Q2 sales dip for Whirlpool EMEA
Whirlpool saw sales in Europe, Middle East and Africa (EMEA) fall five per cent in the second quarter of 2017, ending June 30.
Net sales for the region reached $1.2 billion (£906 million), compared with $1.3bn in the same quarter last year.
The global appliance brand reported breakeven GAAP (generally accepted accounting principles) operating profit.
Ongoing business segment operating profit was also breakeven, compared with $60m in the previous year.
Compared with the first quarter, the region saw operating profit improvement of $17m. This was driven by improved product availability.

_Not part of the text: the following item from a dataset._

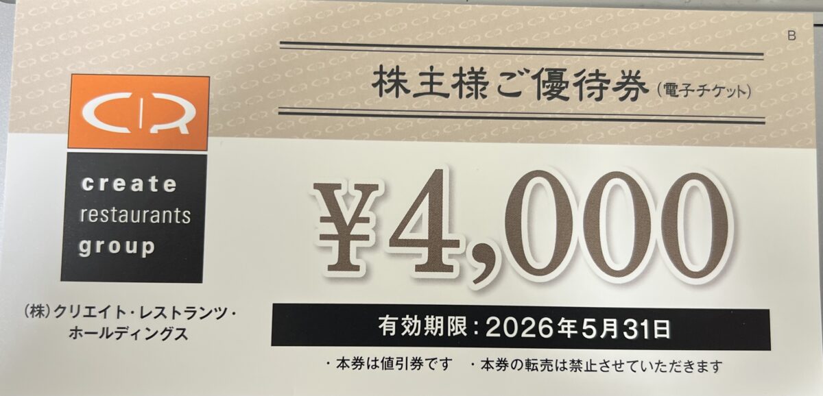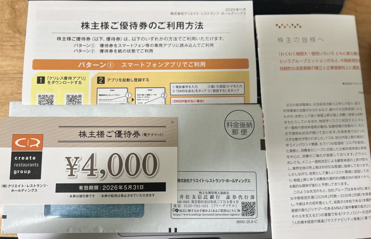 2025年5月中旬、クリエイト・レストランツ・ホールディングス(通称クリレス)から株主優待が届きました!

Whirlpool said it continued to anticipate solid second-half operating profit recovery, driven by its simplified brand structure, additional product availability improvements and the deployment of marketing actions to support new product launches.
It expected full-year 2017 industry unit shipments to be flat to up to two per cent.

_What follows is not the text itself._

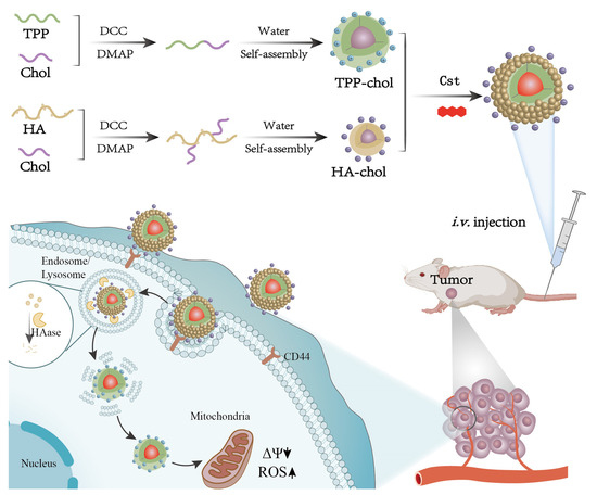 Cst was provided by Push Biotechnology Co., Ltd. Chengdu, China; Cholesterol, a DCFH-DA fluorescent probe, JC-1 fluorescent probe, and Nile red (NR) were purchased from Solarbio Science & Technology Co., Ltd., Beijing, China; Sodium hyaluronic acid (HA-Na, MW 12 kDa), N, N′-dicyclohexylcarbodiimide (DCC), 4-dimethyl aminopyridine (DMAP), N, N-dimethylformamide (DMF), coumarin 6 (C6), and hyaluronidase (HAase) were obtained from Aladdin Biochemical Technology Co., Ltd., Shanghai, China; Mitotraker red, an ROS detection kit, and an Annexin V-FITC/PI detection kit were supplied by Biyuntian Biotechnology Co., Ltd., Shanghai, China; The MDA-MB-231 cells were bought from the Shanghai Institute of Biochemistry and Cell Biology. High-glucose DMEM, fetal bovine serum (FBS), and trypsin/EDTA solution were supplied by Thermo Fisher Gibico, Waltham, MA, USA. All other chemicals were of analytical or chromatographic grade. BALB/c-nude mice obtained from Changshen Biotechnology Co., Ltd., Liaoning, China, were housed in SPF-grade animal rooms with a 12 h light/dark cycle and fed with standard food and water. All animal experiments were authorized by the Laboratory Animal Ethics Committee of Hubei University of Chinese Medicine.

Marc Bitzer, president and chief operating officer of Whirlpool Corporation, said: “We expect profitable growth in EMEA during the second half of this year, and remain confident in our ability to manage through volatility in emerging markets.”

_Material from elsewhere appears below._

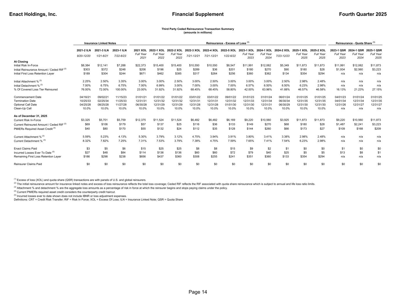 Enact Holdings, Inc. Financial Supplement Fourth Quarter 2025 2021-2 ILN 2021-3 ILN 2023-1 ILN 2021 XOL 2022-1 XOL 2022-2 XOL 2022-3 XOL 2022-4 XOL 2022-5 XOL 2023-1 XOL 2024-1 XOL 2024-2 XOL 2025-1 XOL 2025-2 XOL 2023-1 QSR 2024-1 QSR 2025-1 QSR 9/20-12/20 1/21-6/21 7/22-6/23 Full Year 2021 Full Year 2022 Full Year 2022 7/21-12/21 7/21-12/21 1/22-6/22 Full Year 2023 Full Year 2024 7/23-12/23 Full Year 2025 Full Year 2025 Full Year 2023 Full Year 2024 Full Year 2025 At Closing Initial Risk In-Force $8,384 $12,141 $7,288 $22,373 $15,400 $15,400 $10,550 $10,550 $8,547 $11,991 $12,062 $5,349 $11,873 $11,873 $11,991 $12,062 $11,873 Initial Reinsurance Amount / Ceded RIF (2) $303 $372 $248 $206 $196 $25 $289 $36 $201 $180 $270 $90 $180 $28 $1,934 $2,560 $3,223 Initial First Loss Retention Layer $189 $304 $244 $671 $462 $385 $317 $264 $256 $360 $362 $134 $354 $294 n/a n/a n/a Initial Attachment % (3) 2.25% 2.50% 3.35% 3.00% 3.00% 2.50% 3.00% 2.50% 3.00% 3.00% 3.00% 2.50% 2.98% 2.48% n/a n/a n/a Initial Detachment % (3) 7.00% 6.75% 6.75% 7.00% 6.99% 3.00% 7.00% 3.00% 7.00% 6.57% 6.50% 6.50% 6.23% 2.98% n/a n/a n/a % Of Covered Loss Tier Reinsured 76.00% 72.00% 100.00% 23.00% 31.92% 31.92% 68.45% 68.45% 58.80% 42.00% 63.96% 41.88% 46.57% 46.58% 16.13% 21.23% 27.15% Commencement Date 04/16/21 09/02/21 11/15/23 01/01/21 01/01/22 01/01/22 03/01/22 03/01/22 09/01/22 01/01/23 01/01/24 06/01/24 01/01/25 01/01/25 04/01/23 01/01/24 01/01/25 Termination Date 10/25/33 02/25/34 11/25/33 12/31/31 12/31/32 12/31/32 12/31/31 12/31/31 12/31/32 12/31/33 12/31/34 06/30/34 12/31/35 12/31/35 04/01/34 12/31/34 12/31/35 Optional Call Date 04/25/28 08/25/28 11/27/28 06/30/28 12/31/29 12/31/29 12/31/28 12/31/28 01/01/30 12/31/30 12/31/31 06/30/29 12/31/30 12/31/30 12/31/26 12/31/27 12/31/27 Clean-Up Call 10.0% 10.0% 10.0% 10.0% 10.0% 10.0% 10.0% 10.0% 10.0% 10.0% 10.0% 10.0% 10.0% 10.0% n/a n/a n/a As of December 31, 2025 Current Risk In-Force $3,325 $5,701 $5,759 $12,375 $11,524 $11,524 $6,482 $6,482 $6,169 $9,220 $10,560 $3,925 $11,873 $11,873 $9,220 $10,560 $11,873 Current Reinsured Amount / Ceded RIF (2) $69 $106 $179 $57 $137 $25 $116 $36 $133 $149 $270 $68 $180 $28 $1,487 $2,241 $3,223 PMIERs Required Asset Credit (4) $40 $80 $170 $55 $132 $24 $112 $35 $128 $144 $260 $66 $173 $27 $109 $168 $209 Current Attachment % (3) 5.59% 5.23% 4.13% 5.30% 3.79% 3.12% 4.75% 3.94% 3.91% 3.80% 3.41% 3.38% 2.98% 2.48% n/a n/a n/a Current Detachment % (3) 8.32% 7.82% 7.25% 7.31% 7.53% 3.79% 7.38% 4.75% 7.59% 7.65% 7.41% 7.54% 6.23% 2.98% n/a n/a n/a Enact Claims Paid $3 $5 $6 $15 $25 $25 $8 $8 $15 $9 $2 $1 $0 $0 $1 $0 $0 Incurred Losses Ever To Date (5) $27 $48 $84 $114 $136 $136 $60 $60 $72 $79 $40 $25 $5 $5 $13 $8 $1 Remaining First Loss Retention Layer $186 $298 $238 $656 $437 $360 $308 $255 $241 $351 $360 $133 $354 $294 n/a n/a n/a Reinsurer Claims Paid $0 $0 $0 $0 $0 $0 $0 $0 $0 $0 $0 $0 $0 $0 $0 $0 $0 Third Party Ceded Reinsurance Transaction Summary (amounts in millions) (1) Excess of loss (XOL) and quota share (QSR) transactions are with panels of U.S. and global reinsurers. (2) The initial reinsurance amount for insurance linked notes and excess of loss reinsurance reflects the total loss coverage; Ceded RIF reflects the RIF associated with quota share reinsurance which is subject to annual and life loss ratio limits. (3) Attachment % and detachment % are the aggregate loss amounts as a percentage of risk in force at which the reinsurer begins and stops paying claims under the policy. (4) Current PMIERs required asset credit considers the counterparty credit haircut. (5) Incurred losses ever to date shown does not include IBNR or loss adjustment expenses. Definitions: CRT = Credit Risk Transfer; RIF = Risk In Force; XOL = Excess Of Loss; ILN = Insurance Linked Note; QSR = Quota Share Reinsurance - Excess of Loss (1) Reinsurance - Quota Share (1)Insurance Linked Notes Page 14

As a whole, the group saw Q2 net sales of $5.3bn, compared with $5.2bn in the same quarter last year. Excluding the impact of currency, sales increased by more than three per cent.
Second-quarter GAAP operating profit was $274m, or 5.1 per cent of sales, compared with $368m, or 7.1 per cent of sales, a year earlier.
Ongoing business operating profit reached $373m, or 6.9 per cent of sales, compared with $437m, or 8.4 per cent of sales in Q2 2016.
On a GAAP and ongoing basis, cost productivity and unit volume growth partially offset unfavourable impacts from raw material inflation and product price/mix.
“We delivered very strong results in North America and Latin America and improved EMEA operating margins,” said Jeff Fettig (pictured), chairman and chief executive of Whirlpool Corporation. “We also continued to deliver significant improvements in our free cash flow generation and remain confident in our full-year free cash flow goals.”
For the full year, the group expected to generate cash from operating activities of $1.65bn to $1.7bn and expects to generate free cash flow of $1bn.